__Provided data__.
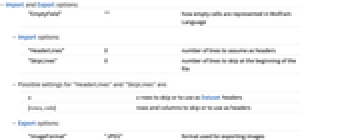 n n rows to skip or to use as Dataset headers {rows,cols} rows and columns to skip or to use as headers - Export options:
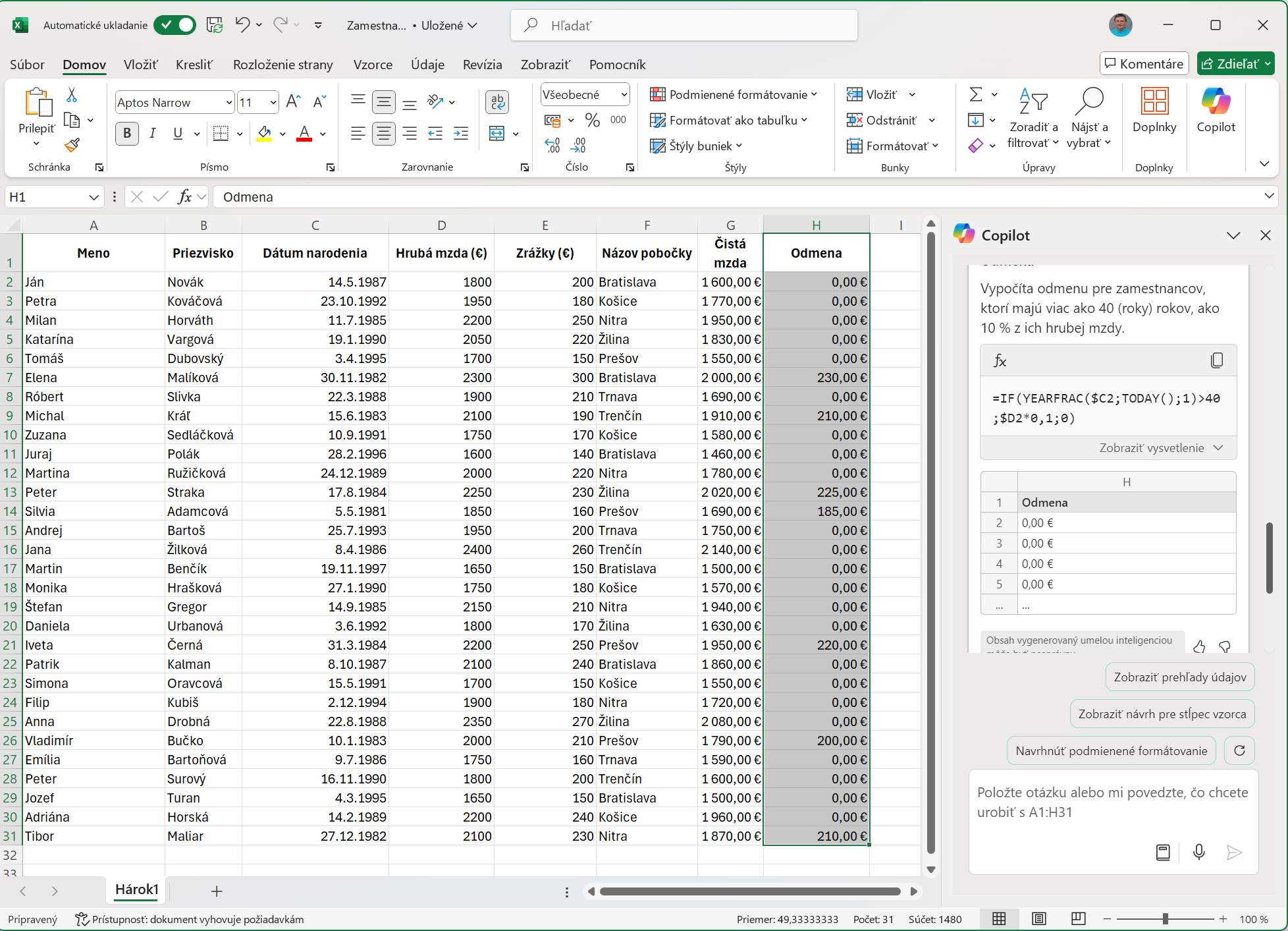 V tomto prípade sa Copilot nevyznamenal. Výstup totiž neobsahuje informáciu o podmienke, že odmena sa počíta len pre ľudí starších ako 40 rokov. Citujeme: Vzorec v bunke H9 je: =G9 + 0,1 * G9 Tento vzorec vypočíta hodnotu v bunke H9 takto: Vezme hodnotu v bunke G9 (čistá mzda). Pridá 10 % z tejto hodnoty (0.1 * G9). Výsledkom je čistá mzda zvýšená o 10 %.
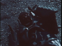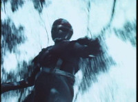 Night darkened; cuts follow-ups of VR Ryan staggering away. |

--

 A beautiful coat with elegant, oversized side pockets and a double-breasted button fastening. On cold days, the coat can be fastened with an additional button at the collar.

__Task prompt__.
Repeat exactly the stretch of the listing above that starts with the line holding "n n rows to" and finishes with the line holding "Night darkened; cuts", both included. Skip every picture.

__Exercise solution__.
 n n rows to skip or to use as Dataset headers {rows,cols} rows and columns to skip or to use as headers - Export options:
 V tomto prípade sa Copilot nevyznamenal. Výstup totiž neobsahuje informáciu o podmienke, že odmena sa počíta len pre ľudí starších ako 40 rokov. Citujeme: Vzorec v bunke H9 je: =G9 + 0,1 * G9 Tento vzorec vypočíta hodnotu v bunke H9 takto: Vezme hodnotu v bunke G9 (čistá mzda). Pridá 10 % z tejto hodnoty (0.1 * G9). Výsledkom je čistá mzda zvýšená o 10 %.
 Night darkened; cuts follow-ups of VR Ryan staggering away. |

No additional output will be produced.